Directions for this task: Each line below from the line with "年會(huì)伊始,一條鮮紅" to the line with "Orange Pi 3 LTS 2" must be copied exactly, including those two, and no picture may appear in the copy.

Information supplied:
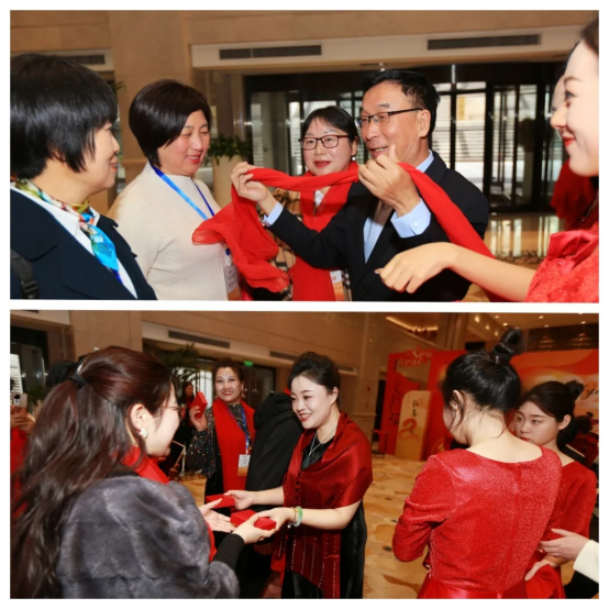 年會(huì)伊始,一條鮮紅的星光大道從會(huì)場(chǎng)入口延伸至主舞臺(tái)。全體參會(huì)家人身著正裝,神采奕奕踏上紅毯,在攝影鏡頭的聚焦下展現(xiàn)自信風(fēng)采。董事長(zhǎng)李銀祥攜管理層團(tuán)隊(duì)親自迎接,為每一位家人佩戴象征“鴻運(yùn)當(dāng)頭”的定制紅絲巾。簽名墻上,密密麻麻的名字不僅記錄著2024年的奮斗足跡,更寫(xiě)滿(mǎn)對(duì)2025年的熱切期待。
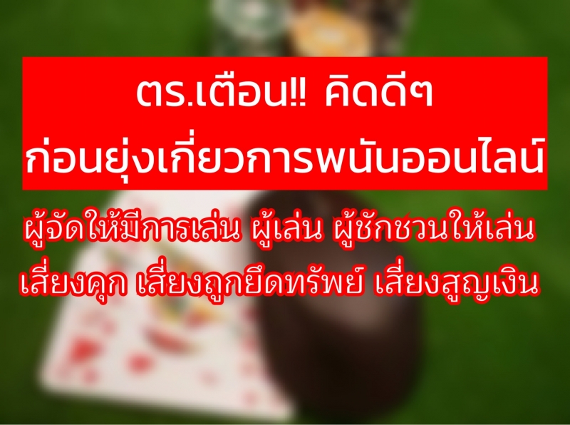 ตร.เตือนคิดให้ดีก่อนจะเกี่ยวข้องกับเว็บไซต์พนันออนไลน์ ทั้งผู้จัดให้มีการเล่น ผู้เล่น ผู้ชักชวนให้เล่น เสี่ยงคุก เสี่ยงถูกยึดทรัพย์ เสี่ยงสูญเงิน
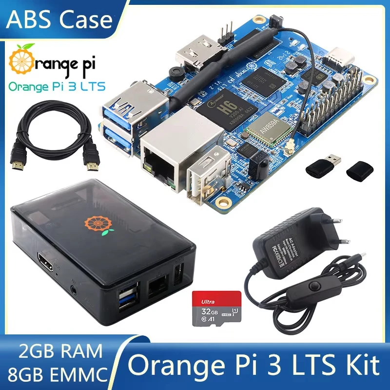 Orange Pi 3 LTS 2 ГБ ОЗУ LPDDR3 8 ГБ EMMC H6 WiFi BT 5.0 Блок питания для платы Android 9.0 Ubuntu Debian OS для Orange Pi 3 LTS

---

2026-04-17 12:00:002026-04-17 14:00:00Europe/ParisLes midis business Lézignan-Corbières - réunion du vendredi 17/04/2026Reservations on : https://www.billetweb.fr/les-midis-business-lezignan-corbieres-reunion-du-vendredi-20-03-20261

Task solution:
 年會(huì)伊始,一條鮮紅的星光大道從會(huì)場(chǎng)入口延伸至主舞臺(tái)。全體參會(huì)家人身著正裝,神采奕奕踏上紅毯,在攝影鏡頭的聚焦下展現(xiàn)自信風(fēng)采。董事長(zhǎng)李銀祥攜管理層團(tuán)隊(duì)親自迎接,為每一位家人佩戴象征“鴻運(yùn)當(dāng)頭”的定制紅絲巾。簽名墻上,密密麻麻的名字不僅記錄著2024年的奮斗足跡,更寫(xiě)滿(mǎn)對(duì)2025年的熱切期待。
 ตร.เตือนคิดให้ดีก่อนจะเกี่ยวข้องกับเว็บไซต์พนันออนไลน์ ทั้งผู้จัดให้มีการเล่น ผู้เล่น ผู้ชักชวนให้เล่น เสี่ยงคุก เสี่ยงถูกยึดทรัพย์ เสี่ยงสูญเงิน
 Orange Pi 3 LTS 2 ГБ ОЗУ LPDDR3 8 ГБ EMMC H6 WiFi BT 5.0 Блок питания для платы Android 9.0 Ubuntu Debian OS для Orange Pi 3 LTS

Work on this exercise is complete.